Zynga's CEO is demanding that some early employees of the company who were paid in options when cash was tight now give up those awards as its IPO date approaches.
We may live in an era where ethics are more flexible than they used to be. But in an industry where your success depends on the quality of your staff, demonstrating that your word is not your bond does not seem like a sure-fire way to attract top talent. JL
Reported by the Associated Press via The Christian Science Monitor:
Zynga CEO Mark Pincus is pushing some of the online game company's early employees to give back stock they own ahead of the company's initial public offering of stock, according to a published report Thursday.
The Wall Street Journal said that Pincus, who gave out stock freely to keep top talent early on, developed "giver's remorse."
That's because some of the early employees didn't contribute as much to the company as those hired later. But because they got in early, they got more shares.
Zynga's games include "FarmVille," ''Zynga Poker" and "CityVille" and are mostly played on Facebook. The company has filed for an IPO but has not yet said how much it plans to raise. Zynga is among several technology companies that either had IPOs recently or are planning to soon. Groupon Inc. had its IPO last week, and Facebook is likely to have one next year.
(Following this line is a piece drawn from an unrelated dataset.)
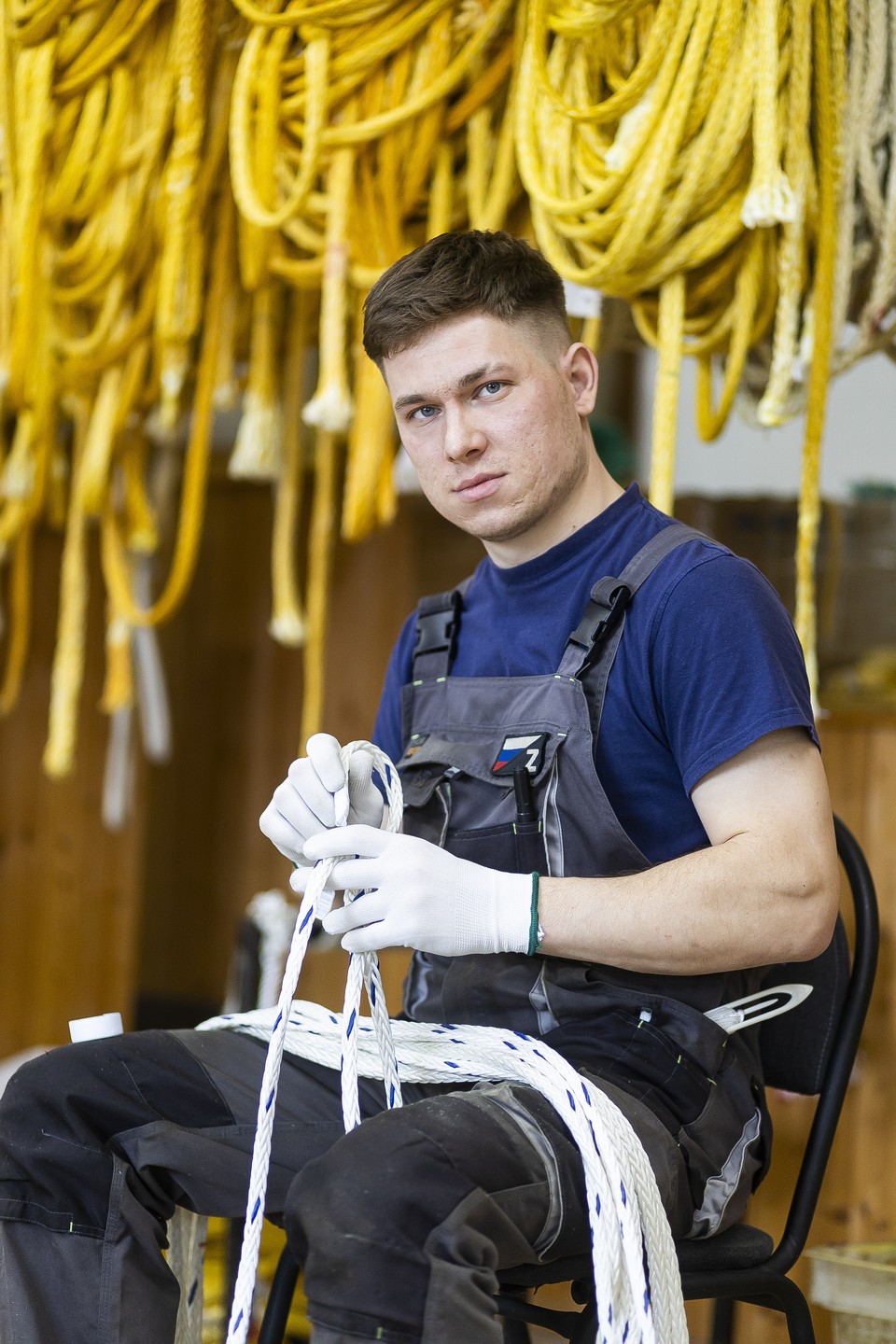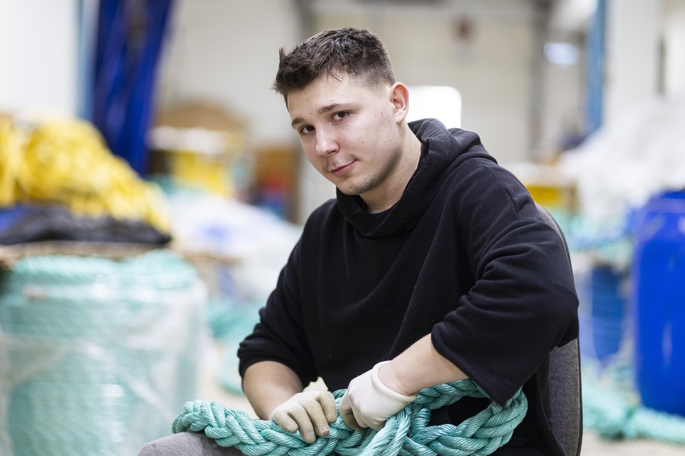 — Давно слышал об этом предприятии. Мне было интересно попробовать себя в чем-то новом, решил прийти сюда. И пришел, устроился. И я ни о чем не жалею. Мне здесь нравится. Нравится, что зарплату получаем в строго установленный день. Нравится, что коллектив дружный. Нравится, как из маленьких операций вырастает огромный трал, который затем отправляется на судно, помогает рыбакам делать свою работу в срок, красиво… Так что всё супер!

Getting into a hot startup early on and reaping the rewards after a sale or IPO is a big part of Silicon Valley culture. The promise of a big payout is what gets a lot of people working long hours with little compensation early in a startup's life.
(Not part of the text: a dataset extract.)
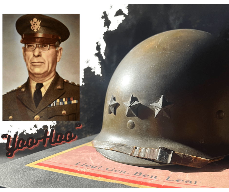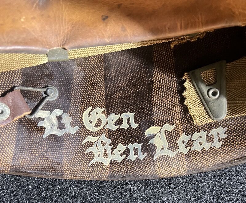 The Helmet – It is clear that Lear was not keen on wearing his steel pot, applying his three stars on his M1 Helmet Liner for wear. A Westinghouse M1 Liner Named: “Lt Gen Ben Lear” with Three General Stars neatly added.

But the Journal said Pincus wanted people to keep contributing to the company even when it got big rather than just "rest and vest" — that is, wait to cash in.
The Journal cited unnamed people with knowledge of the matter. Reached by The Associated Press, Zyngadeclined to comment because it is in a federally mandated quiet period ahead of its IPO, which is expected this year. The company, which is based in San Francisco, has about 3,000 employees.
Lynne C. Hermle, a Silicon Valley employment lawyer who does not represent Zynga, said the practice happens at other companies, too.
"I have not seen it publicized but it does happen," she said, citing attorney-client privilege for not naming the companies. "Sometimes it's a negotiation and sometimes it's a fight."
Whether Zynga could get into legal trouble over the issue could depend on whether the stock options it wants back are vested or unvested. The Journal said that in Zynga's case, demands to return stock only applied to shares that have not yet vested. If an employee leaves a company before stock options vest, they lose it. Vested shares, meanwhile, have a fixed value and can be sold.
Hermle, partner at the San Francisco law firm Orrick, Herrington & Sutcliffe LLP, said there "aren't any legal implications with respect to unvested options."
"Certainly nothing that prevents an employer from saying to an executive 'you are making much too much money, accept a lower amount or we'll have to let you go,'" she said.